It is interesting to what extent executive and judicial power were connected in ancient Israel.
Early on, "Judges" such as Devorah and Gideon gained their repute primarily as political and military leaders.
Later on, kings such as Shlomo were expected to serve as the highest judicial authority, most famously with the two mothers and the splitting of the baby. This unification of judicial and executive functions seems therefore to have survived the political transition from a loose tribal confederation to a centralized kingdom.
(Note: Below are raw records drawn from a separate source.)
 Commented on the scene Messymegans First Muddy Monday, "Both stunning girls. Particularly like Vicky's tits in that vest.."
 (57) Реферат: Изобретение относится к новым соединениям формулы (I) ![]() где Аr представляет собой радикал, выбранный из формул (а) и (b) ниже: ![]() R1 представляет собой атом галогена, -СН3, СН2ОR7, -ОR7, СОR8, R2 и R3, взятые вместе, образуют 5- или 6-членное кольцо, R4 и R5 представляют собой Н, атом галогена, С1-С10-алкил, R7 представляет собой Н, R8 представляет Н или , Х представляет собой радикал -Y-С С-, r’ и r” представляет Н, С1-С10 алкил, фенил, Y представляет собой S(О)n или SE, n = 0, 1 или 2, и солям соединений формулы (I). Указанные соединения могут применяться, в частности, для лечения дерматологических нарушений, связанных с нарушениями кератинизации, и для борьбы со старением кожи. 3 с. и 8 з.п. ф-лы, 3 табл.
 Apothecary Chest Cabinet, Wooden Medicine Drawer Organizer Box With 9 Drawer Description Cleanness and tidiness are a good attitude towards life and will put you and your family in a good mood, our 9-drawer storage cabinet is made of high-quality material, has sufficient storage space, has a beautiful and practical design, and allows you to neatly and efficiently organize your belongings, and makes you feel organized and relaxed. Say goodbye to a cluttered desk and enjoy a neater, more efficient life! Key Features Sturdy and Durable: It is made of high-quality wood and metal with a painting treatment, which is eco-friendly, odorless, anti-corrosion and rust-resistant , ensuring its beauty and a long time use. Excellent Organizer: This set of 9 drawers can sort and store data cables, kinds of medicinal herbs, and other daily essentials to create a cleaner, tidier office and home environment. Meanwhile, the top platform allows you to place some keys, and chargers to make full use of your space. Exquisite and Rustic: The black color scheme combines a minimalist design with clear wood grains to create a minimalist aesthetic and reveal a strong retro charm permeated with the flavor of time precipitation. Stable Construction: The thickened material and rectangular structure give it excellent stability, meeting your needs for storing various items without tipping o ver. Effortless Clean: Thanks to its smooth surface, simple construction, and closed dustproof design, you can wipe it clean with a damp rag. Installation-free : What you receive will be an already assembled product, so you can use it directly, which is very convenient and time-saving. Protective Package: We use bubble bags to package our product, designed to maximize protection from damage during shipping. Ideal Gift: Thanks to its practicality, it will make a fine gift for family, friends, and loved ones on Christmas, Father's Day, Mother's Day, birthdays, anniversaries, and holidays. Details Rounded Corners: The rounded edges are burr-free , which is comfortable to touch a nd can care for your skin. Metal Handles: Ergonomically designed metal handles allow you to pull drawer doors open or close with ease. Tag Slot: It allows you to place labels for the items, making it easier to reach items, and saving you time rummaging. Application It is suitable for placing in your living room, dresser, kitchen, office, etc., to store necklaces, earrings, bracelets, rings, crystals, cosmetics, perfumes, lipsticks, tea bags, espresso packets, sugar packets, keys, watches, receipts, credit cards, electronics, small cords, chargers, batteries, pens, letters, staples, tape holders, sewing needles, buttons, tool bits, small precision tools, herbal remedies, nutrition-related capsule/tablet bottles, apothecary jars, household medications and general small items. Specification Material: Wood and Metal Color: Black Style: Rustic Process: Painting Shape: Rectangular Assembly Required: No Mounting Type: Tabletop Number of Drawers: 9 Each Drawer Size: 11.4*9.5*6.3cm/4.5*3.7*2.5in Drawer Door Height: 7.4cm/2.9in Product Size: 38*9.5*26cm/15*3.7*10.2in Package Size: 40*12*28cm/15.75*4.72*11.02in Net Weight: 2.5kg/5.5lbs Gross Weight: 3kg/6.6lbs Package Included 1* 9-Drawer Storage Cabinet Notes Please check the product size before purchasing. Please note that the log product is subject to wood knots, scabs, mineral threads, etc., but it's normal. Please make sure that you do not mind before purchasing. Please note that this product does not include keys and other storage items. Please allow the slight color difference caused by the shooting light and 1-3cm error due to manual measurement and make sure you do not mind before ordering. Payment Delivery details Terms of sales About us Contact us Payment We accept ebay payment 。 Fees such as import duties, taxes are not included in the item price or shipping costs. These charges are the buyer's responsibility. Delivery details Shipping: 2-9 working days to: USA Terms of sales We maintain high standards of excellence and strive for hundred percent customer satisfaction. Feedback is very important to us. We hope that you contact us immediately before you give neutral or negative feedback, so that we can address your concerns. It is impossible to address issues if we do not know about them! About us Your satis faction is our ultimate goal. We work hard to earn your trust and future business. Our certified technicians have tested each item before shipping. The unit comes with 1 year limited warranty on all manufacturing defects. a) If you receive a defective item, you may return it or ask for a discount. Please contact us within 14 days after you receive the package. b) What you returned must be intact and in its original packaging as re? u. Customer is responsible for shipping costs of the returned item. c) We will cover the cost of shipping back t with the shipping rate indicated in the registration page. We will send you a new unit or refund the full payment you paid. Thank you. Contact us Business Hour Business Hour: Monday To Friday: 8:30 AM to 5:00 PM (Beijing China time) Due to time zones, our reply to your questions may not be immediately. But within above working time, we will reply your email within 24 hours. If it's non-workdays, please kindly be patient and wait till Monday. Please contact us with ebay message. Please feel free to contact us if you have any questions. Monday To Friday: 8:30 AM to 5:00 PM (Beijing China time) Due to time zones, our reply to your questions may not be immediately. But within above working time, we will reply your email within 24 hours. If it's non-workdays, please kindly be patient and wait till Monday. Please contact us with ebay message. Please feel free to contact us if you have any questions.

Indeed, R' Eliezer Berkowitz argues that the word "lishpot" in Tanach did not have the same connotation of impartiality that it carries in modern society. I would think its meaning is closer to "to protect one who is in the right from one who threatens to do him harm". The moral judgments from which the judge's attitude proceeds must be impartial, but once it's clear who is in the wrong, the judge's main task is to take the side of the victim and ensure that the injustice is prevented or redressed. This can mean fighting wars, or it can mean enforcing a legal ruling. Either way it is called "judging", and either way the focus is on action not intellectual contemplation.
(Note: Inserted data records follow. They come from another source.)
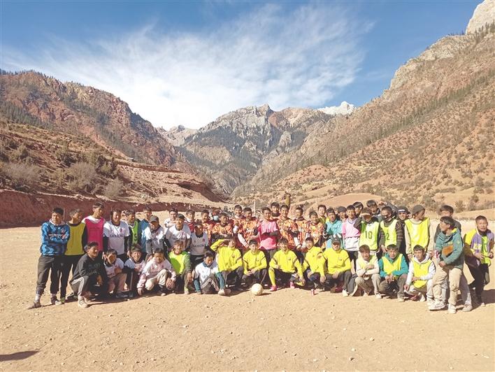 圖為寒假期間昌都市洛隆縣馬利鎮(zhèn)瓦河村的“足球小子”合影。(圖片由南加巴鄧提供)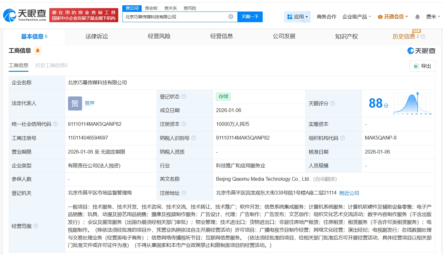 天眼查工商信息显示,近日,北京巧幕传媒科技有限公司成立,法定代表人为贺芹,注册资本1亿人民币,经营范围包括信息系统集成服务、计算机系统服务、计算机软硬件及辅助设备零售等。股东信息显示,该公司由北京字跳网络技术有限公司全资持股。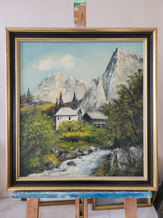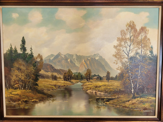 Ölgemälde Gemälde Landschaft M. Vcelak (XX) Berglandschaft Fluss
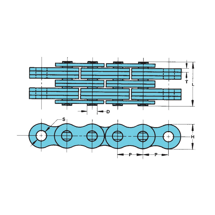 Tsubaki® Leaf Chain, Series: BL Series, 1-1/4 in Pitch, 4 x 6 Lacing, 0.437 in Pin Dia, 2.26 in Pin Length, 1.185 in Plate Height, 0.189 in Plate Thickness, 2 Strands, 63400 lb Tensile, 10 ft Overall Length, Steel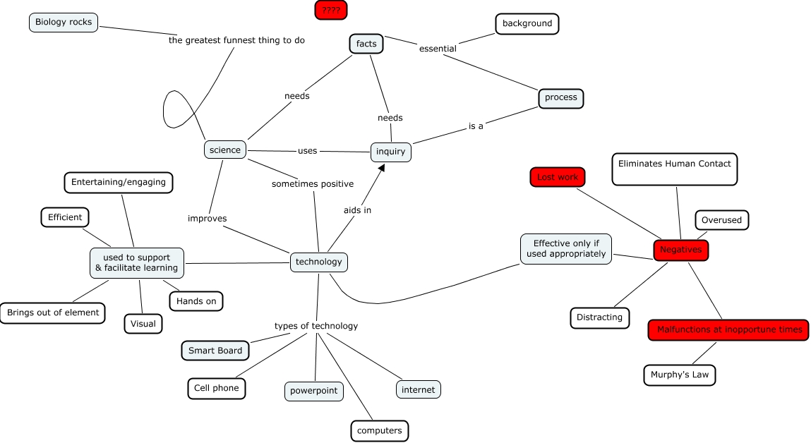 This Concept Map has information related to: sci teck clean up, used to support & facilitate learning technology, powerpoint types of technology Cell phone, Lost work Negatives, Brings out of element used to support & facilitate learning, internet types of technology Cell phone, facts needs inquiry, used to support & facilitate learning Hands on, computers types of technology technology, computers types of technology Cell phone, computers types of technology Smart Board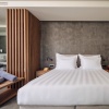 Deluxe Double Room Garden View with Private Pool (35 кв.м + бассейн, максимальное размещение – 2 человека, вид на сад). Номер открытой планировки с двуспальной кроватью 160 х 200 см, ванной комнатой с двумя раковинами и душем, собственным бассейном и террасой с лежаками, столиком и стульями.

I may idly speculate that unifying judicial and executive power increased the standing and power of the judicial authority, while simultaneously increasing the risks if the judge/ruler was corrupt. I think the necessary safeguard in the Shoftim period was provided by the judge's dependence on public approval. Once the monarchy was established this method became ineffective. Therefore the prophet had to assume a more significant and constant public role.